* _Data for review_:

..............................

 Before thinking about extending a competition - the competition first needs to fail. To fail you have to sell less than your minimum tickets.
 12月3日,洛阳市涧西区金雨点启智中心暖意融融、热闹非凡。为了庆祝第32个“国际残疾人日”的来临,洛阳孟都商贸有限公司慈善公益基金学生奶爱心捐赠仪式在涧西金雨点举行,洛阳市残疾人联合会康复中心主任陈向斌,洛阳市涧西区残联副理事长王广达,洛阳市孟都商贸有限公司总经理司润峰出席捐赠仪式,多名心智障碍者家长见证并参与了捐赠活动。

..............................

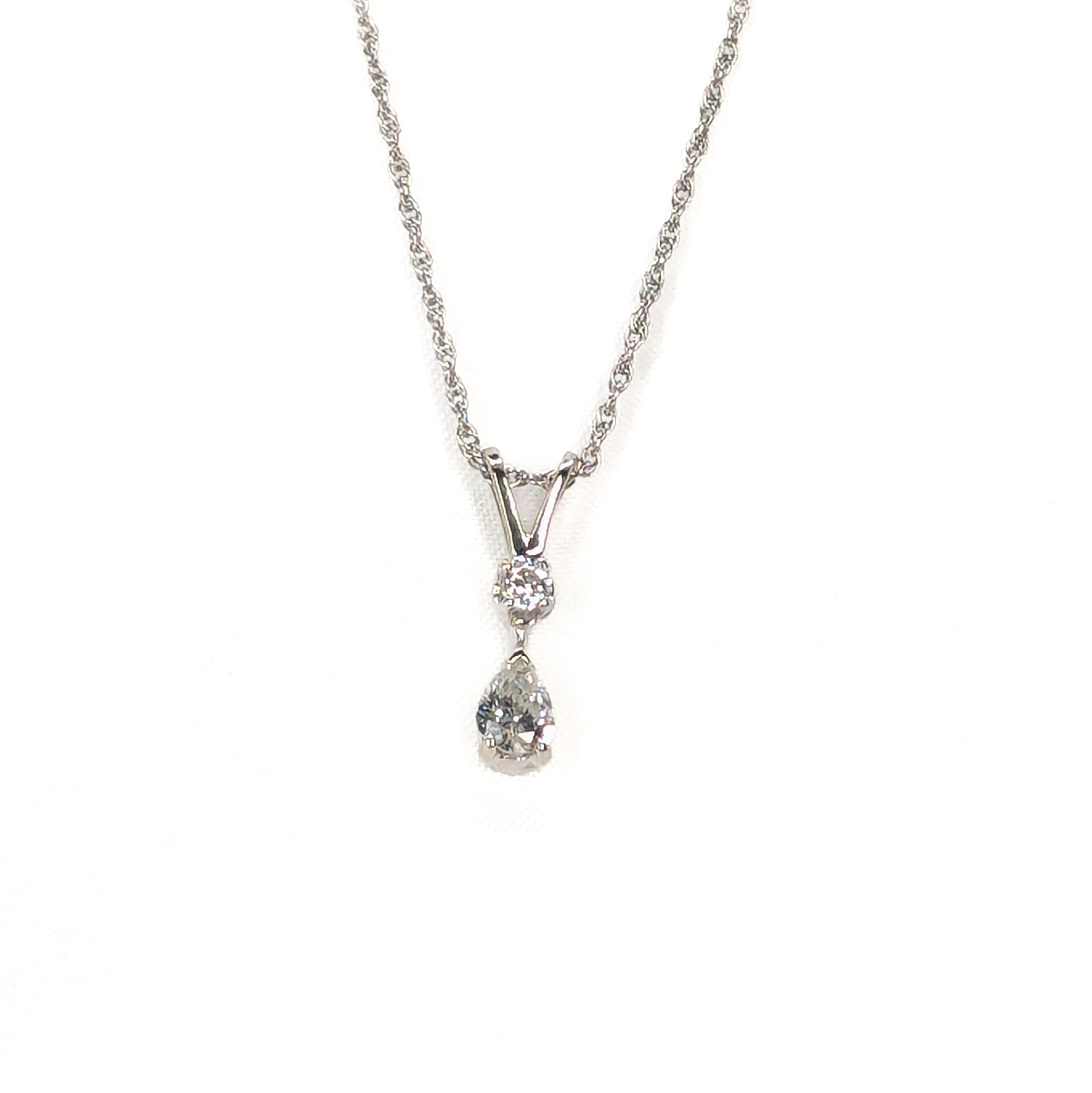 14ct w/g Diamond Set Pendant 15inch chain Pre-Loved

..............................

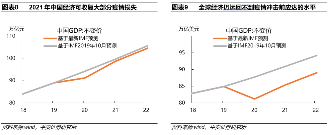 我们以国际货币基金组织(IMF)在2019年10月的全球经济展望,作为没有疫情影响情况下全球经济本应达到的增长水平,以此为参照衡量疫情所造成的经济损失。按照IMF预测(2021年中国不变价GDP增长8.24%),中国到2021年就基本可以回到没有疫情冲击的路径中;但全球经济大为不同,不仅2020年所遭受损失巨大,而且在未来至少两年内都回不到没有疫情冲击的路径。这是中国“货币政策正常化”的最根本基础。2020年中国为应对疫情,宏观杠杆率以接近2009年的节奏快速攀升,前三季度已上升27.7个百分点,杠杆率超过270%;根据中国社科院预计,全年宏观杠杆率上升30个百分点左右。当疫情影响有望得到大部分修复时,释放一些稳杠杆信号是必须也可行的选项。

..............................

* _Assignment_: Starting with the line above that holds "Before thinking about" and stopping with the line that holds "12月3日,洛阳市涧西区金雨", reproduce each line exactly, omitting all other lines.

* _Response to this task_:
 Before thinking about extending a competition - the competition first needs to fail. To fail you have to sell less than your minimum tickets.
 12月3日,洛阳市涧西区金雨点启智中心暖意融融、热闹非凡。为了庆祝第32个“国际残疾人日”的来临,洛阳孟都商贸有限公司慈善公益基金学生奶爱心捐赠仪式在涧西金雨点举行,洛阳市残疾人联合会康复中心主任陈向斌,洛阳市涧西区残联副理事长王广达,洛阳市孟都商贸有限公司总经理司润峰出席捐赠仪式,多名心智障碍者家长见证并参与了捐赠活动。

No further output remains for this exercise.